A general view of the LIV Golf logo Jasen Vinlove-USA TODAY Sports

In new court documents, LIV Golf alleges its troubles finding television deals in 2022 was due to a PGA Tour executive using “illegal means” to kill off potential partnerships.

LIV Golf and the PGA Tour’s battle for the sport’s supremacy has been going on for the last year. It has included suspensions, bans and litigation. While the Saudi Arabia-backed league has massive finances to combat the Tour’s prestige and reach, the upstart league has had a lot of trouble finding television partnerships around the world.

The entire first season of LIV Golf was mostly broadcast through streaming platforms like Facebook. It wasn’t until just before the new season that the tour scored a North American media rights deal with the CW Network. That was a problem for LIV abroad as well, and it alleges in an ongoing anti-trust suit against the PGA that Tour executive Thierry Pascal used his international influence to undercut the league's chances of securing broadcast contracts.

On Wednesday, Front Office Sports posted new documents from the current lawsuit between the PGA Tour and LIV Golf, and it revealed some interesting allegations from the new kid on the golf block.

“Based on Tour documents and other sources, LIV believes Mr. Pascal used illegal means to dissuade numerous broadcasters in international markets from signing broadcast contracts with LIV and even from reporting about LIV events in their news content.
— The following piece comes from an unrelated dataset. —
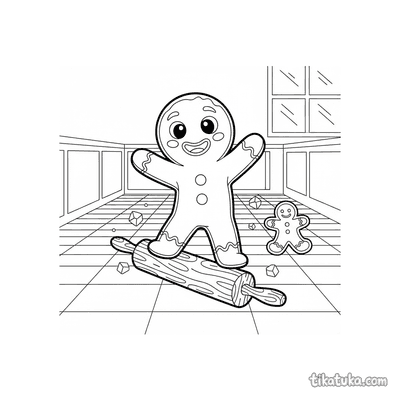 Lebkuchenmann reitet auf Nudelholz über Schachbrettboden

“Time and again, after the live meeting or phone call, the broadcaster did an about-face and informed LIV the negotiations (in one case, a signed contract) could not proceed. Because of his conduct and his efforts to conceal it, Mr. Pascal is a foundational witness whose testimony will inform later discovery in important ways.”

– LIV Golf

Pascal is the managing director of PGA Tour International U.K. and the senior VP of international media, but it is unclear what specific means he may have used to sink negotiations between LIV and interested broadcasters. He is set to be deposed by LIV attorneys on Monday, but the PGA Tour has sought it to be a remote deposition, as opposed to an-in person conversation in London.

The source that finances LIV is a department in the Saudi Arabian government, a government that has a long history of human rights violations and is likely a reason many major networks in the United States have stayed away from making deals with LIV.